The records below are to be repeated exactly, and their pictures left out.

------------------------------------

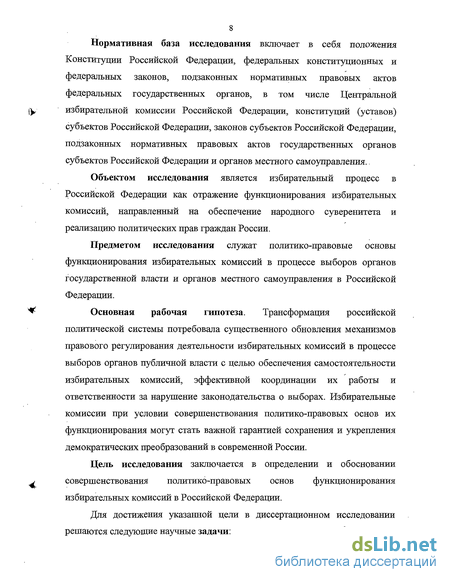 Основная рабочая гипотеза. Трансформация российской политической системы потребовала существенного обновления механизмов правового регулирования деятельности избирательных комиссий в процессе выборов органов публичной власти с целью обеспечения самостоятельности избирательных комиссий, эффективной координации их работы и ответственности за нарушение законодательства о выборах. Избирательные комиссии при условии совершенствования политико-правовых основ их функционирования могут стать важной гарантией сохранения и укрепления демократических преобразований в современной России.
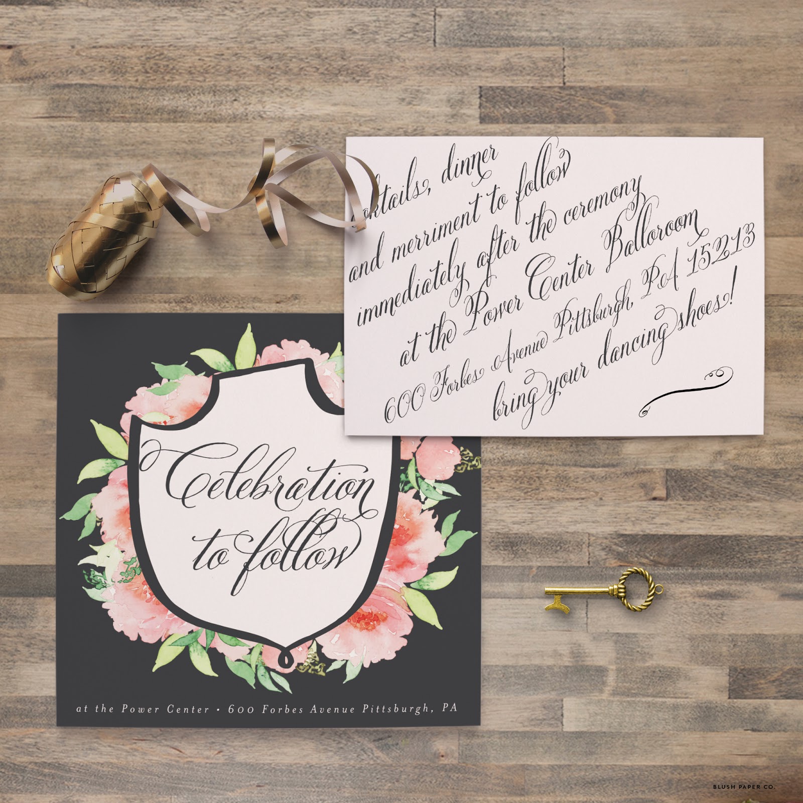 All of the designs featured are shown in full-color flat printing. Our in-house paper is luxe cotton stock and we regularly work with pearl shimmer and linen stock as well. Inquire within for pricing for foil or letterpress pricing.
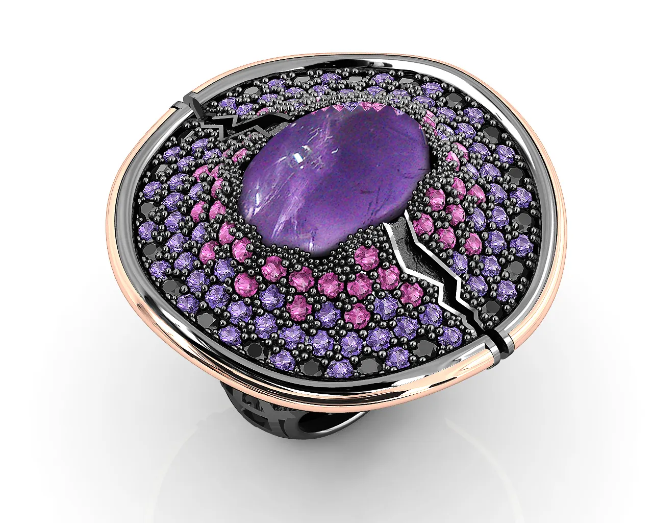 Δαχτυλίδι γυναικείο, ασημένιο, με φλούδα χρυσού Κ18, αμέθυστο, μαύρα σπινέλια ,βιολετί/ κόκκινα ζιργκόν & μαύρο επιπλατίνωμα, silverline, 0430647301
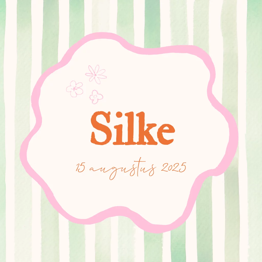 Schattig geboortekaartje voor een meisje met groene strepen en een roze kringelvorm.
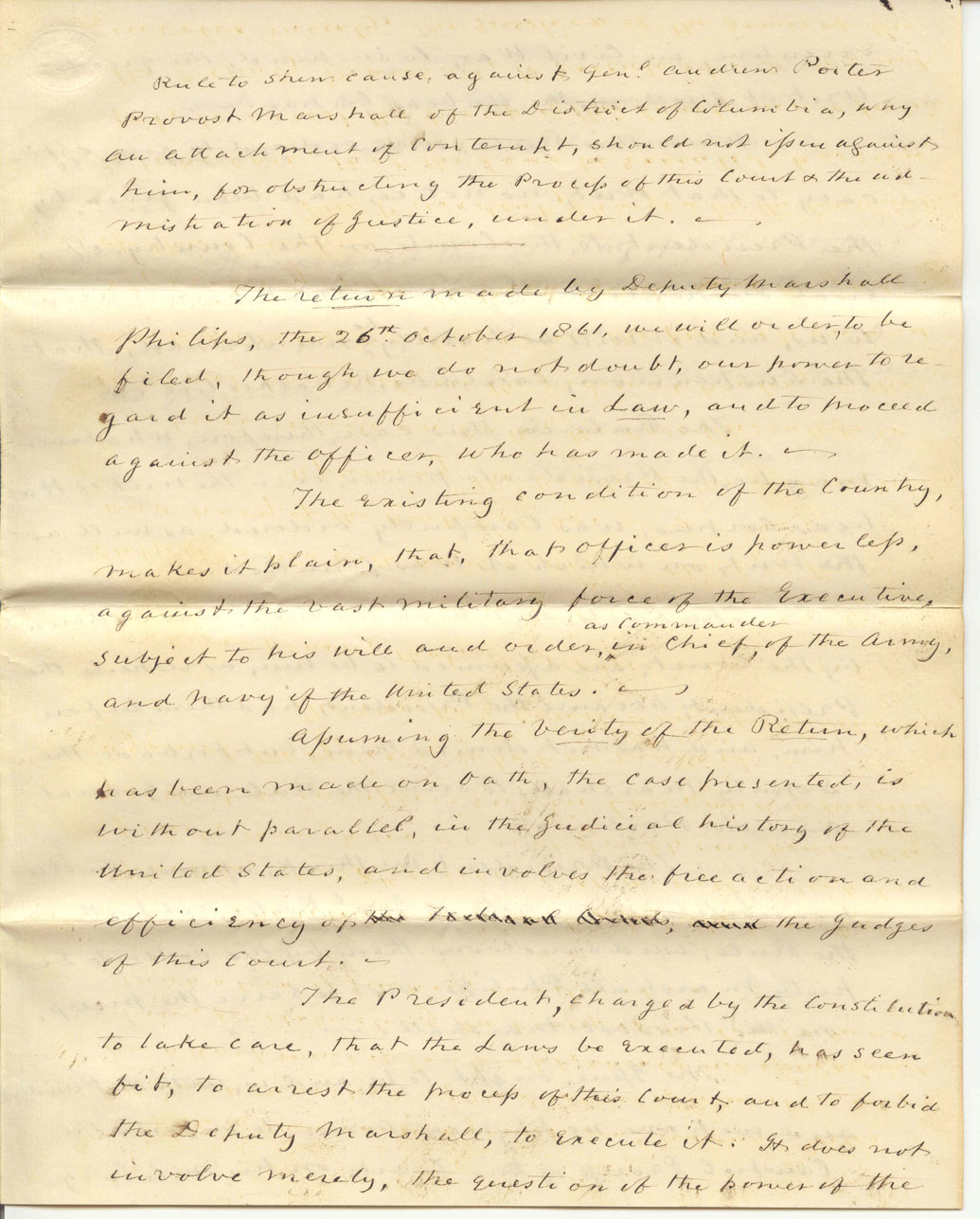 The court determined that it would not take any steps against the deputy marshal because, as Judge Dunlop explained, "The existing condition of the Country, makes it plain, that, that officer is powerless, against the vast military force of the Executive." Still, this case was "without parallel, in the Judicial history of the United States, and involves the free action and efficiency of the Judges of this Court." Rather than take care that the Constitution and laws of the United States be faithfully executed, the President "has seen fit, to arrest the process of this Court, and to forbid the Deputy Marshal, to execute it."
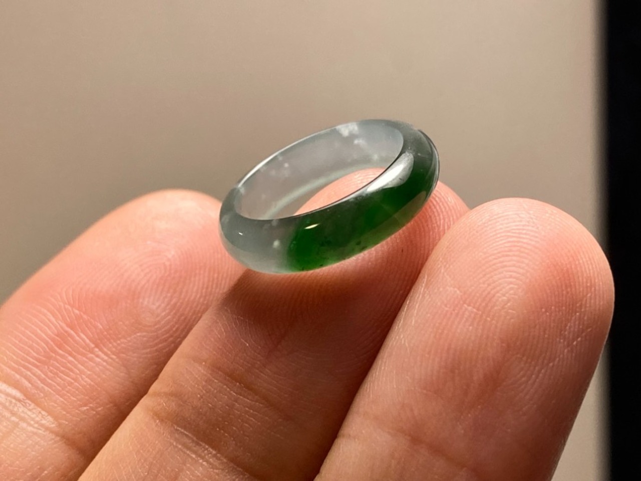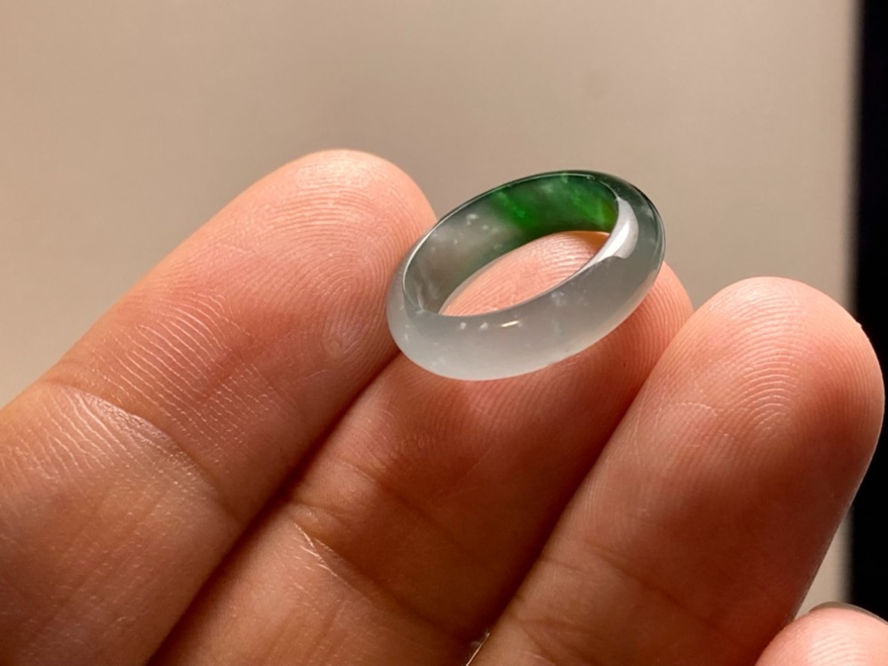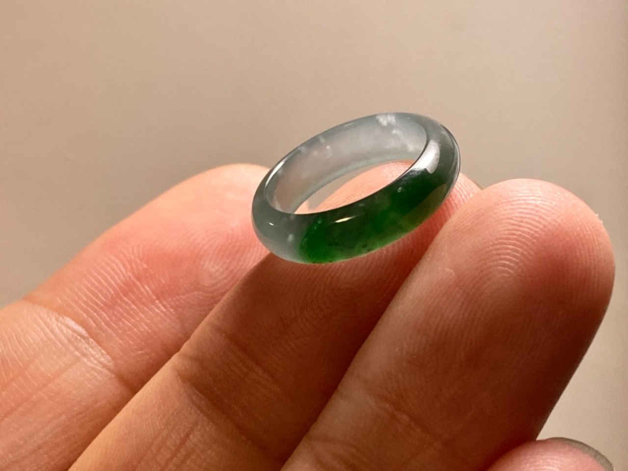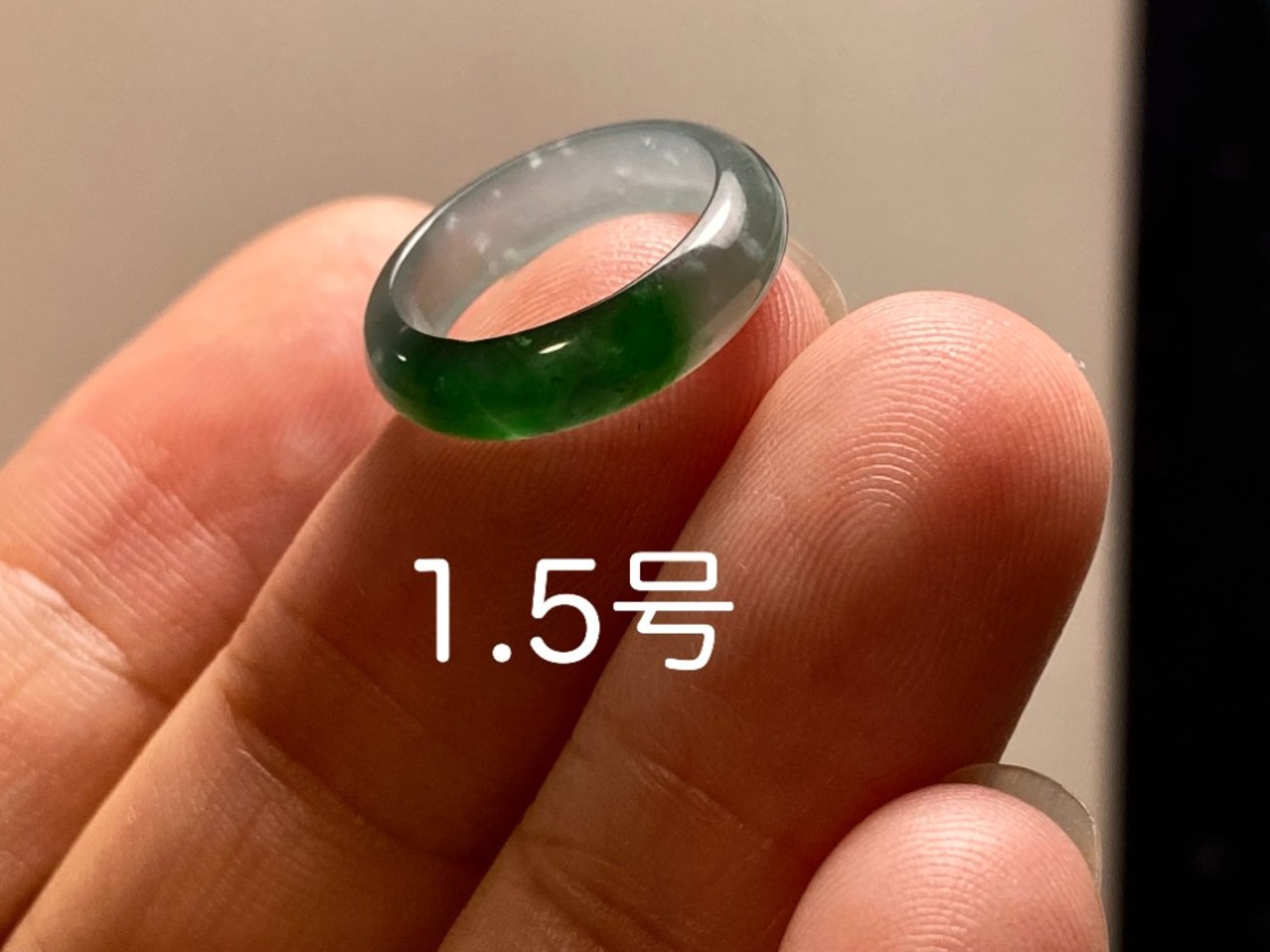 L14-100 ピンキーリング 氷種 青白深緑 1.5号 グアテマラ産 A貨 本翡翠 くりぬき
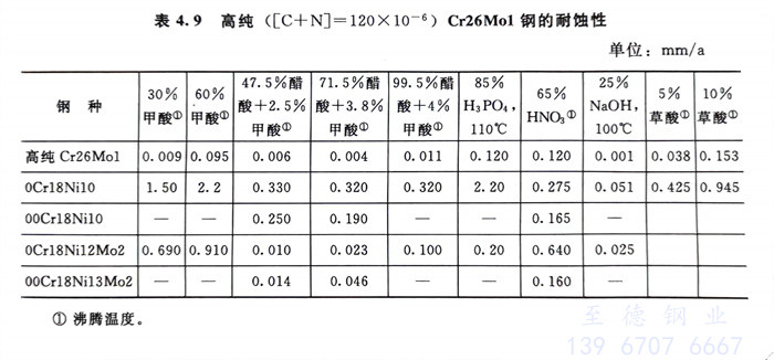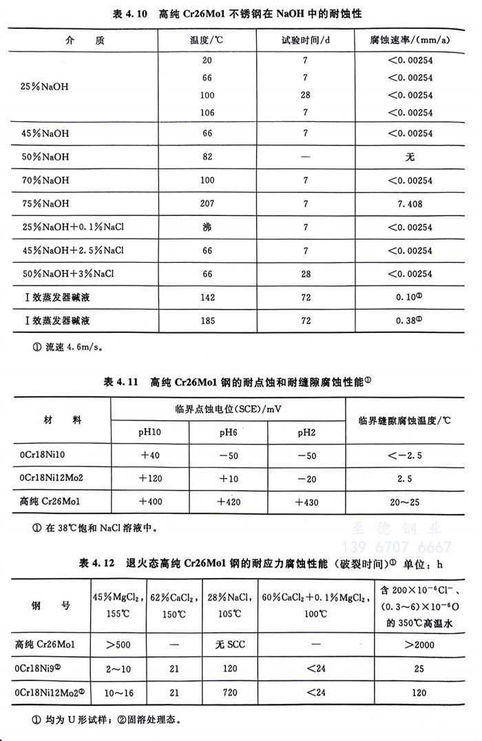 高純Cr26Mo1耐(nai)(nai)蝕(shi)(shi)性優良,即使在65%沸騰(teng)HNO3和NaOH中(zhong)亦(yi)然(ran)(見表4.9和表4.10);在耐(nai)(nai)點蝕(shi)(shi)、耐(nai)(nai)縫隙(xi)腐(fu)蝕(shi)(shi)、耐(nai)(nai)應力(li)腐(fu)蝕(shi)(shi)等局(ju)部腐(fu)蝕(shi)(shi)中(zhong)均(jun)既優于0Cr18Ni10,也優于0Cr18Ni12Mo2。一些結果見表4.11和表4.12。
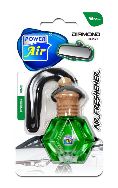 Osvěžovač POWER AIR Diamond Dust 9 ml je kapalinový osvěžovač vzduchu k zavěšení do volného prostoru. Osvěžovač je ve skleničce ve tvaru diamantu, má dřevěné víčko.
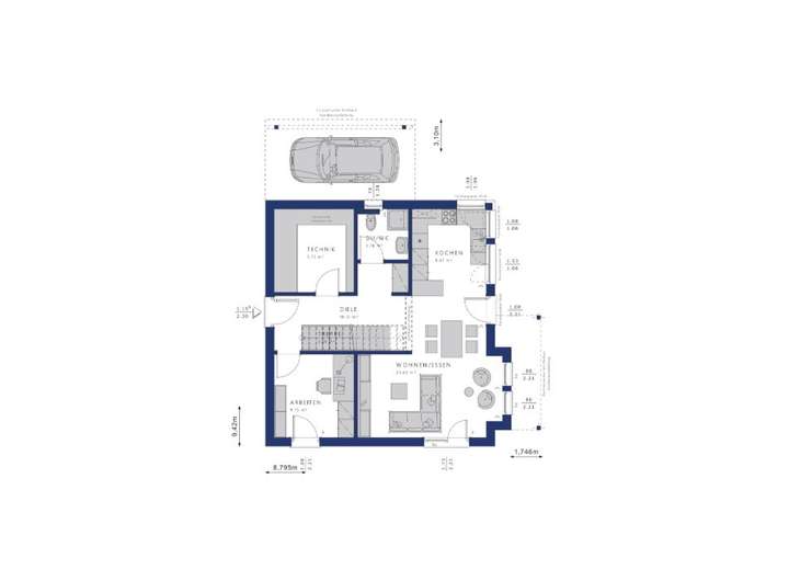 Im angegebenen Preis für dieses projektierte Haus ist das Grundstück, welches Sie direkt von Dritten erwerben, bereits enthalten. Das Angebot ist unverbindlich und freibleibend, exklusive der Baunebenkosten wie z.B. Hausanschlüsse, Außenanlagen, Notar- und Gerichtskosten.
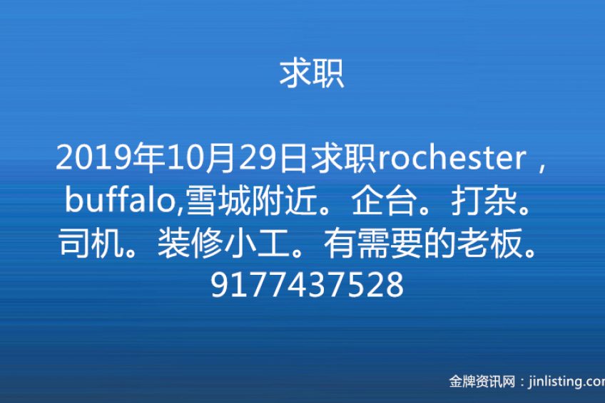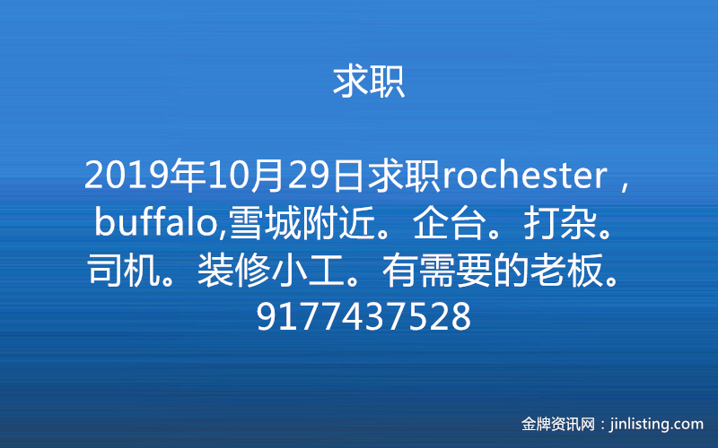 求职rochester,buffalo, 雪城附近。企台。打杂。司机。 装修小工。 有需要的老板。。9177437528

------------------------------------

**Expected answer**
 Основная рабочая гипотеза. Трансформация российской политической системы потребовала существенного обновления механизмов правового регулирования деятельности избирательных комиссий в процессе выборов органов публичной власти с целью обеспечения самостоятельности избирательных комиссий, эффективной координации их работы и ответственности за нарушение законодательства о выборах. Избирательные комиссии при условии совершенствования политико-правовых основ их функционирования могут стать важной гарантией сохранения и укрепления демократических преобразований в современной России.
 All of the designs featured are shown in full-color flat printing. Our in-house paper is luxe cotton stock and we regularly work with pearl shimmer and linen stock as well. Inquire within for pricing for foil or letterpress pricing.
 Δαχτυλίδι γυναικείο, ασημένιο, με φλούδα χρυσού Κ18, αμέθυστο, μαύρα σπινέλια ,βιολετί/ κόκκινα ζιργκόν & μαύρο επιπλατίνωμα, silverline, 0430647301
 Schattig geboortekaartje voor een meisje met groene strepen en een roze kringelvorm.
 The court determined that it would not take any steps against the deputy marshal because, as Judge Dunlop explained, "The existing condition of the Country, makes it plain, that, that officer is powerless, against the vast military force of the Executive." Still, this case was "without parallel, in the Judicial history of the United States, and involves the free action and efficiency of the Judges of this Court." Rather than take care that the Constitution and laws of the United States be faithfully executed, the President "has seen fit, to arrest the process of this Court, and to forbid the Deputy Marshal, to execute it."
 L14-100 ピンキーリング 氷種 青白深緑 1.5号 グアテマラ産 A貨 本翡翠 くりぬき
 高純Cr26Mo1耐(nai)(nai)蝕(shi)(shi)性優良,即使在65%沸騰(teng)HNO3和NaOH中(zhong)亦(yi)然(ran)(見表4.9和表4.10);在耐(nai)(nai)點蝕(shi)(shi)、耐(nai)(nai)縫隙(xi)腐(fu)蝕(shi)(shi)、耐(nai)(nai)應力(li)腐(fu)蝕(shi)(shi)等局(ju)部腐(fu)蝕(shi)(shi)中(zhong)均(jun)既優于0Cr18Ni10,也優于0Cr18Ni12Mo2。一些結果見表4.11和表4.12。
 Osvěžovač POWER AIR Diamond Dust 9 ml je kapalinový osvěžovač vzduchu k zavěšení do volného prostoru. Osvěžovač je ve skleničce ve tvaru diamantu, má dřevěné víčko.
 Im angegebenen Preis für dieses projektierte Haus ist das Grundstück, welches Sie direkt von Dritten erwerben, bereits enthalten. Das Angebot ist unverbindlich und freibleibend, exklusive der Baunebenkosten wie z.B. Hausanschlüsse, Außenanlagen, Notar- und Gerichtskosten.
 求职rochester,buffalo, 雪城附近。企台。打杂。司机。 装修小工。 有需要的老板。。9177437528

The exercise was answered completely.